Let's go through this from the ground up:

First, the 6502 datasheet gives us this timing diagram:


The important bits are DATA(READ) and DATA(WRITE) in particular.  We can see that a T_HR and T_HW delay is required after the Phi2 clock goes low.  This is to allow the logic in the CPU to accept and process the data.  The same applies to logic chips in a cartridge. We weren't implementing this hold time. They should be between 60 and 150ns according to the datasheet.

Now, the MEGA65 doesn't have a 6502 connected directly to the cartridge port bus, but cartridges are made with this kind of timing assumption in mind. Specifically, they are allowed to assume that the data lines will be valid for at least 60 ns after the relevant edge of the 1MHz clock on the cartridge port.

So let's take a look at the schematic of the Tiny Quest cartridge, which uses a HUCKY v1.03 64KB cartridge. The original description is in German, but it is also discussed in English here, including a reconstructed schematic:

The bit I am interested in primarily is the logic that listens for writes to $DE00, and selects which 8KB bank of the EPROM to use, and whether to disable the cartridge completely: Bits 0-2 are inverted bank select bits into the EPROM, and writing a 1 to bit 3 will cause the cartridge to completely disable itself until the /RESET line next goes low.  Here is the relevant part of the schematic enlarged:

If we focus even more on the logic for the cartridge control, it will be easier to read and to follow:

We can see that the 4 lowest data lines are connected to the D inputs of the 74LS173 chip (which is really just a latching buffer).  The outputs feed into the three 74LS04 inverters that go to the EPROM upper address bits (which we will ignore for now), and also directly to the /EXROM line -- this is the important and clever bit.

If the /EXROM line is low, the MEGA65 (or C64) knows that the cartridge is saying that it has an 8KB ROM at $8000-$9FFF.  The 74LS173 has all of its outputs low when the CLR line (pin 15) is high. This is why the /RESET line is fed through an inverter into pin 15 (called Mr in the schematic above), so that when /RESET is low causing the computer to reset, it is also resetting the cartridge to be enabled, and selecting bank 7 (because the bank select bits all zero, but fed through the inverters to make them all 1). So this ensures the cartridge is in a known specific state on power on.

The 74LS173 is also always outputting its values, because the two /OE lines are tied to ground. However, it only updates the latched values when the clock on pin 7 goes high -- this is formed by inverting the 1MHz PHI2 clock from the MEGA65: That is, it will latch the value on the falling edge of a PHI2 clock.

That's shown up the next bug I had: I was making the MEGA65's cartridge port write with hold on the rising edge of PHI2. So I'll fix that, make sure my tests pass, and then resynthesise.
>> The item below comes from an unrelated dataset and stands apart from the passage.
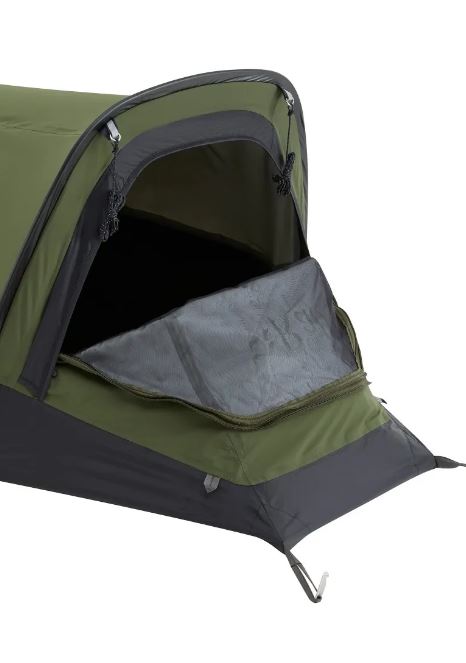 With an overhead hoop and a micro pole at the foot, there’s plenty of structured volume for sleeping with vital gear like your gloves, batteries, water bottle and backpack. The zipped main entry also comes with an integrated mosquito mesh door and an internal height of 60cm for a comfortable, almost tent-like experience.

This follows on work I had done earlier to completely refactor the cartridge port control logic, because it was quite a mess before.  I'll describe that while I wait for resynthesis to run, by annotating the VHDL:

The first part of the logic works out when the next edge of the 8MHz dotclock on the cartridge port should occur. It does this by adding a magic value to a 16 bit counter, and watching for when it overflows. This allows for quite accurate frequency generation. If there is no dotclock edge, then we do nothing and clear any strobe signals to the MEGA65's processor:

      ticker <= ('0'&ticker(15 downto 0)) + dotclock_increment;
      if ticker(16) = '0' then
        cart_access_read_strobe <= '0';
        cart_access_accept_strobe <= '0';

But if we have a dotclock edge, then we need to keep track of where we are in the 1MHz cycle: There are 8MHz/1MHz x 2 edges per cycle = 16 dotclock edges per 1MHz cycle, so we count from 0 to 15, to know where we are in the 1MHz clock cycle:

        -- Each phi2_ticker increment is 1/16th of a 1MHz clock cycle,
        -- so about 64ns.
        if phi2_ticker /= 15 then
          phi2_ticker <= phi2_ticker + 1;
          phi2_ticker <= 0;
        end if;
We then generate the actual dotclock signal on the cartridge port by alternating between 0 and 1 every edge:

        -- Create the 8MHz dotclock signal
        case phi2_ticker is
          when 0 | 2 | 4 | 6 | 8 | 10 | 12 | 14 => cart_dotclock <= '1';
          when others => cart_dotclock <= '0';
        end case;

Then we work out what to do eat each stage during the 1MHz clock cycle.  The 6502 bus in the C64 has Phi1 and Phi2 halves of the clock, and can handle two separate things happening each 1MHz cycle staged in this way. Normally the CPU is using the Phi2 half, and the VIC-II the Phi1 half (except when the VIC-II steals some Phi2 cycles). Because the VIC-II can only read and not write, most peripherals will respond to a read asynchronously at any time, but will only process a write when the Phi2 clock goes low, i.e., when a falling edge is seen on the Phi2 clock -- and it is the Phi2 clock that is visible on the cartridge port.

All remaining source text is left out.